ACTIVITY
Return all the data below as it stands, minus the pictures.

INPUT DATA
········

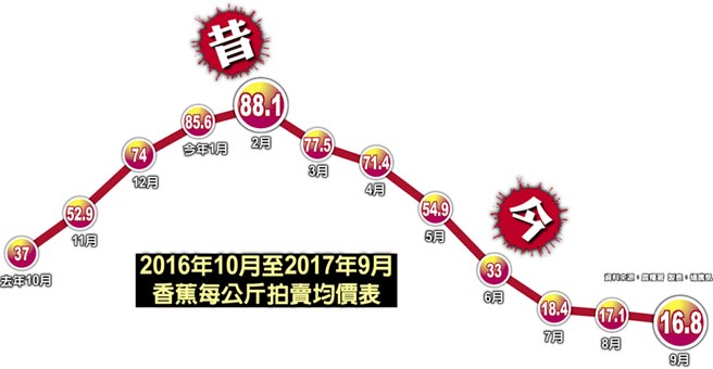 2016年10月至2017年9月臺(tái)灣香蕉每公斤拍賣均價(jià)表(單位:新臺(tái)幣;圖片來(lái)源:臺(tái)灣《聯(lián)合報(bào)》)
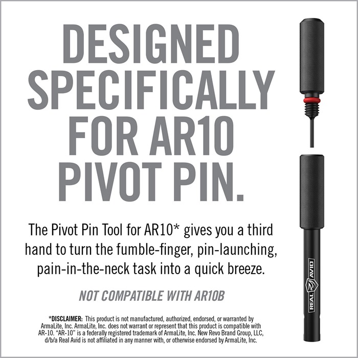 813119014758 Miten niin pieni tehtävä voi aiheuttaa niin paljon turhautumista? PIVOT PIN TOOL AR10:lle antaa sinulle kolmannen käden, joka muuttaa kömpelön, pinniä laukaisevan, vaivalloiseksi tehtäväksi nopeaksi ja helpoksi. 1-2-3-4 valmista, se on niin yksinkertaista. Asenna AR10 Pivot Pin alle 60 sekunnissa vaivatta.Toimitusaika noin 2-4 viikkoa.
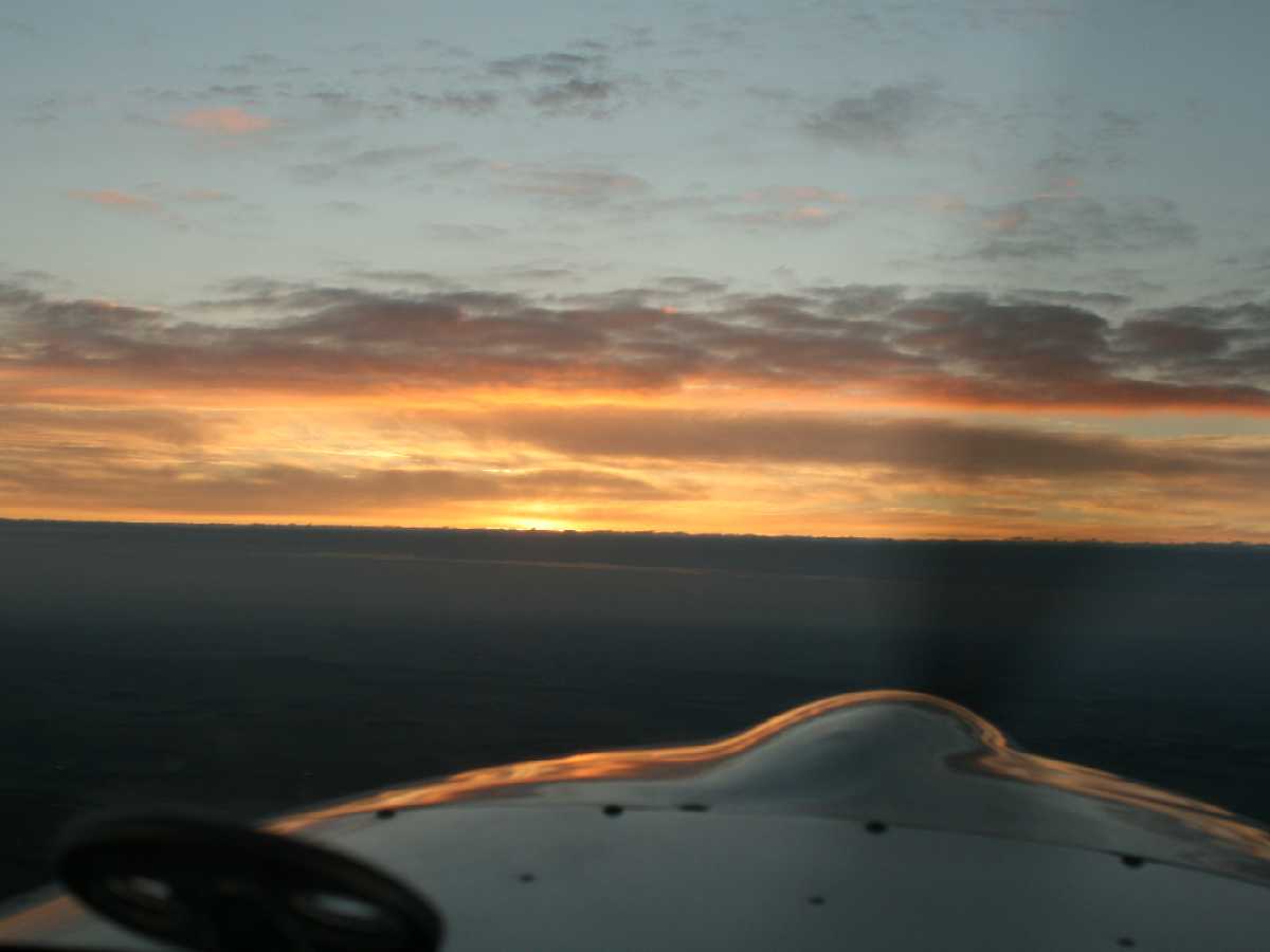 Well at least I'm not late. When I booked the plane I said that I was on my own and therefore had a spare seat, but it seems no-one took it up. I prepped the plane as the sky began to get lighter. As soon as it was legal, we lined up on 03 and took off.

········

RESPONSE BELOW
 2016年10月至2017年9月臺(tái)灣香蕉每公斤拍賣均價(jià)表(單位:新臺(tái)幣;圖片來(lái)源:臺(tái)灣《聯(lián)合報(bào)》)
 813119014758 Miten niin pieni tehtävä voi aiheuttaa niin paljon turhautumista? PIVOT PIN TOOL AR10:lle antaa sinulle kolmannen käden, joka muuttaa kömpelön, pinniä laukaisevan, vaivalloiseksi tehtäväksi nopeaksi ja helpoksi. 1-2-3-4 valmista, se on niin yksinkertaista. Asenna AR10 Pivot Pin alle 60 sekunnissa vaivatta.Toimitusaika noin 2-4 viikkoa.
 Well at least I'm not late. When I booked the plane I said that I was on my own and therefore had a spare seat, but it seems no-one took it up. I prepped the plane as the sky began to get lighter. As soon as it was legal, we lined up on 03 and took off.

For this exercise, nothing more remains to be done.